Character data may be split across multiple handler calls

If you register a character data handler with XML_SetCharacterDataHandler(), you might expect that you would be called just once for each section of character data. Unfortunately you would be wrong. Expat can and will split up character data in an arbitrary manner, presenting each set of characters in separate calls. The introductory parser walkthrough shows an example of that, as the parser makes separate calls to the handler for a newline and for a pair of spaces.

Your character data handler will need to be able to cope with this potentially broken-up input. The usual approach is to accumulate characters into a user-defined data structure — the test suite has a good example of this in its CharData structure and support functions — and process the whole thing in one go using start and end element handlers.

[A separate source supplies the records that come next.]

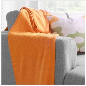 I recently received a fab Inhabit Living Sunshine organic cotton/bamboo blend throw and it has become the go to throw in our home. It seems like everyone is always fighting over it. Once in a while, Jayson will get home early from work before anyone else and I will find him snoozing on the sofa wrapped up in it. At snuggle reading time each night, Eben races me to the sofa, in hopes that he will reach the throw first. And I personally, one day last week, stayed snuggled up in the throw all day long. I think the reason that this throw is such a hit (besides the fact that it is organic) is because for one, it is huge, 60×84 to be exact, so it is the perfect size for adults. It is comfy, and made with a smart Oeko-Tex® Certified 80% bamboo/20% organic cotton fabric blend, which makes the throw super soft and cuddly, and last but not least, it is beautiful. It is a fabulous orange {sunshine} color, which by the way is my favorite color and has a knitted design that is elegant. I also love that it gives my living room a splash of fun color.
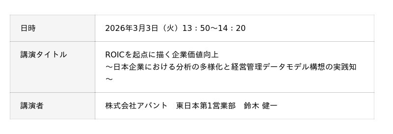 アバントは、お客様の企業価値向上につながるROIC経営のご支援を推進しており、ROIC経営に取り組まれている経営者や企画・管理部門の方々へ向け「分析の多様化と経営管理データモデル構想」をテーマに講演を行います。
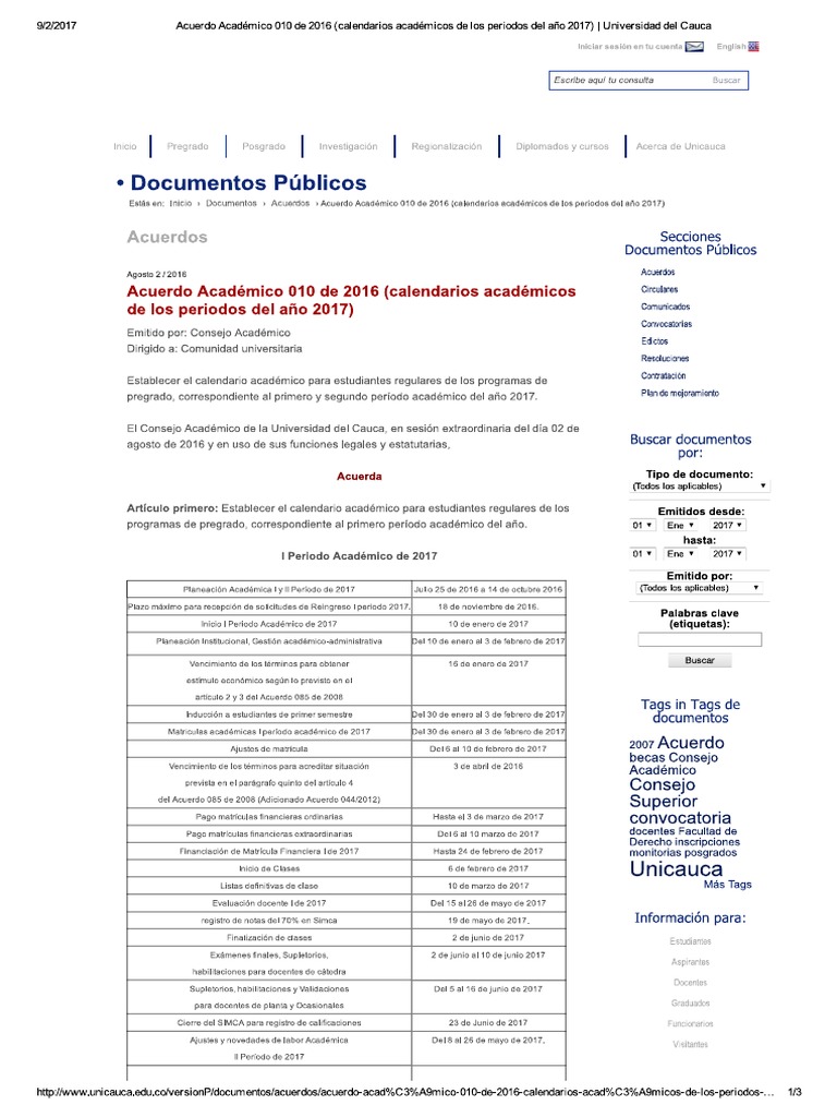Calendario Académico Unicauca PDF
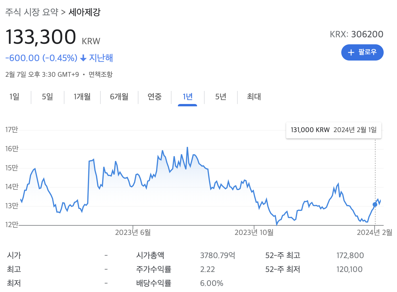 세아제강 주가(2024년 2월기준)
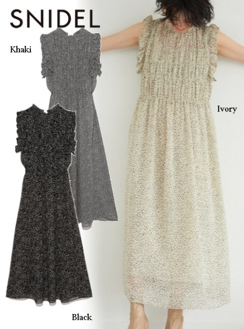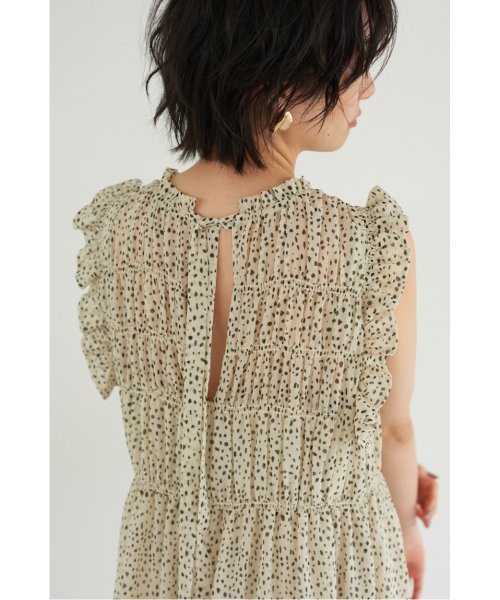 モードな表情のランダムドットプリントでフェミニンに着こなせるシャーリングワンピース

If you know how your character data will be structured, you may well be able to do better than that.

External entity sub-parsers must be created after parsing has started

There is a note in the description of XML_ExternalEntityParserCreate() in expat.h that is easy to miss:

XML_ExternalEntityParserCreate() can be called at any point after the first call to an ExternalEntityRefHandler [...]

Unfortunately this conflicts with a common programming pattern, that of creating everything ahead of time; in particular, creating sub-parsers before starting to parse the input, which will be well before any ExternalEntityRefHandler is called. This appears to work, but the sub-parsers will be unable to communicate their results back to the main parser.

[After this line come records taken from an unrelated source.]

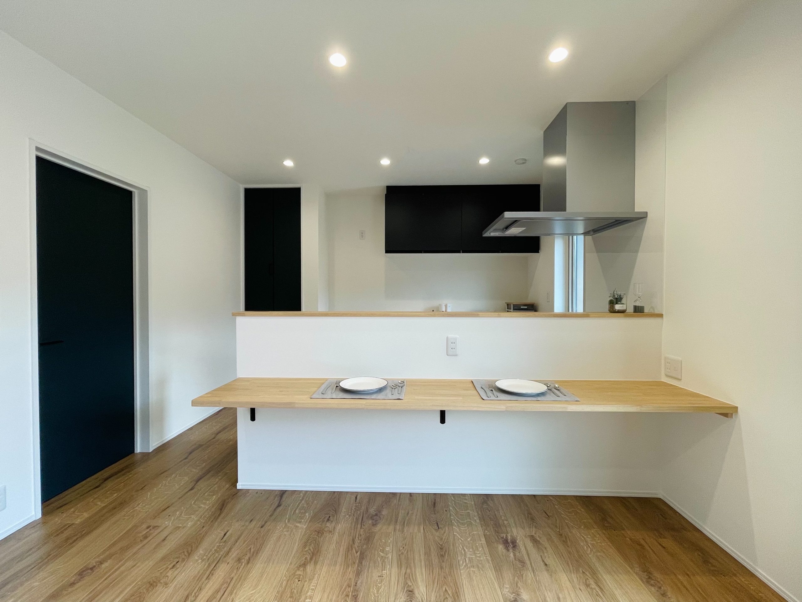 キッチン前にカウンターテーブルのあるダイニングスタイルが
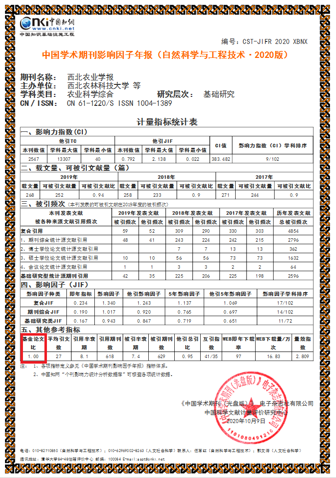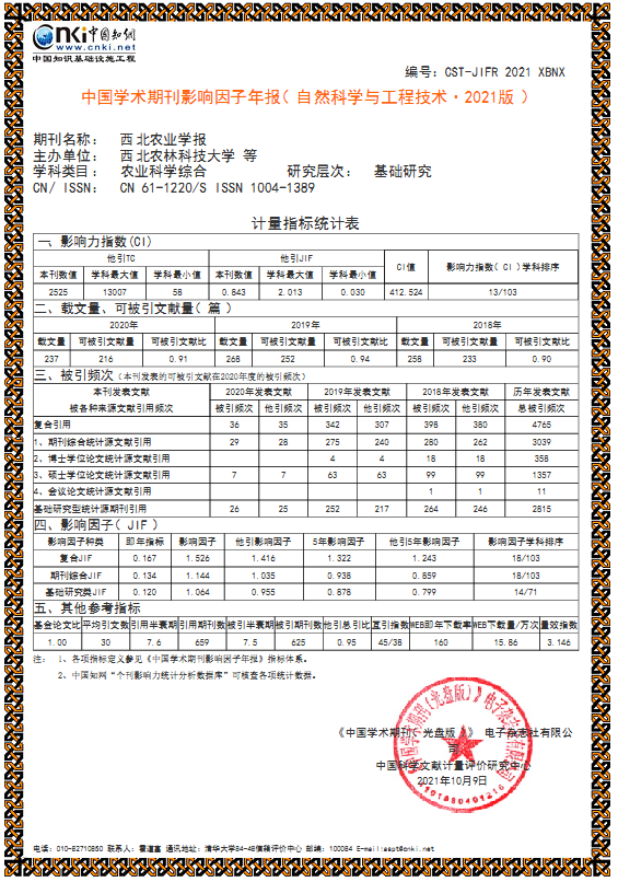《西北农业学报》影响力指数(CI)从2020版的383.482,提升至2021版的412.524,增幅7.57%,学科排名第13,处于Q1区;复合影响因子从1.340提升至1.526,增幅13.88%,学科排名第18。
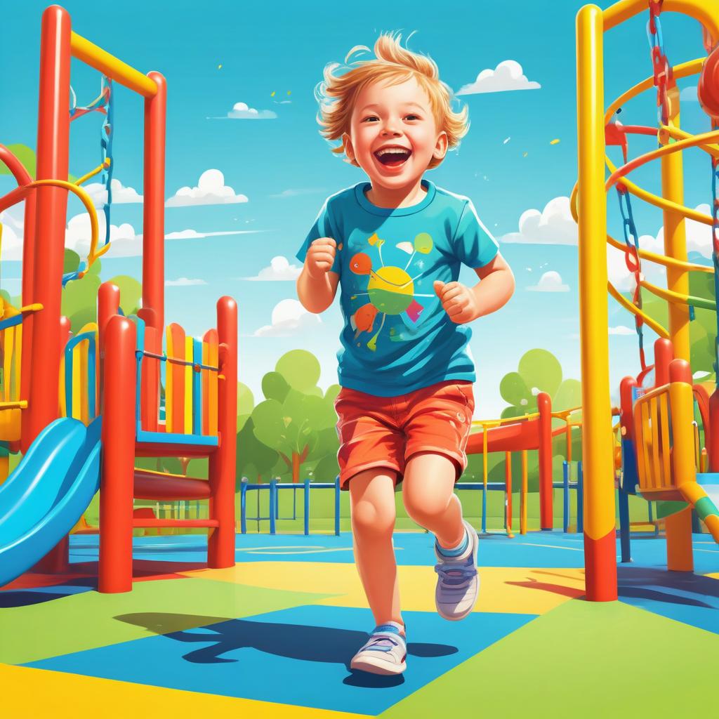 Dynamic illustration of a joyful child, in a colorful t-shirt and shorts, with a sunny playground.
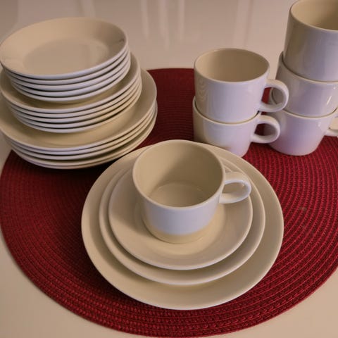 Kaikki ehjiä, lautasissa ruokailuvälistä tulleita naarmuja.

There are a number of "fixes" to this issue that generally cause more serious problems of their own. The best solution is to do what expat.h says and not create a sub-parser until the appropriate handler is called. The test suite has a lot of examples of creating and disposing of parsers in the ExternalEntityRefHandler itself.

Strings pass to handlers are only temporary

Most of the handlers that users register are passed strings of one form or another. A start element handler, for instance, is passed the name of the element that has started and an array of attribute names and values. All of these strings are allocated in dynamic memory, so handlers should not store pointers to them for later use. If you really need one of these string parameters for later, make a copy of the string itself (and remember to free that when you're done!).

Element declaration handlers must free their content models

The description of the XML_ElementDeclHandler type in expat.h includes the following remark:

It's the caller's responsibility to free model when finished with it.

This is a little misleading; "the caller" in this context is the user's program, not the library as you might assume. It is up to the user code to call XML_FreeContentModel() on the model parameter passed to an element declaration handler, to free the dynamic memory used for the model.

Note that this does not mean that the content model must be freed in the element declaration handler itself. If the user wishes to keep content models around, for example to validate elements later on, they are perfectly at liberty to do so.

XML 1.1 and XML 1.0 Fifth Edition are not supported

Expat supports XML 1.0 Fourth Edition. It does not support:

If Expat is asked to parse documents that are targetting a version of the XML standard younger than XML 1.0 Fourth Edition, you may receive parse errors.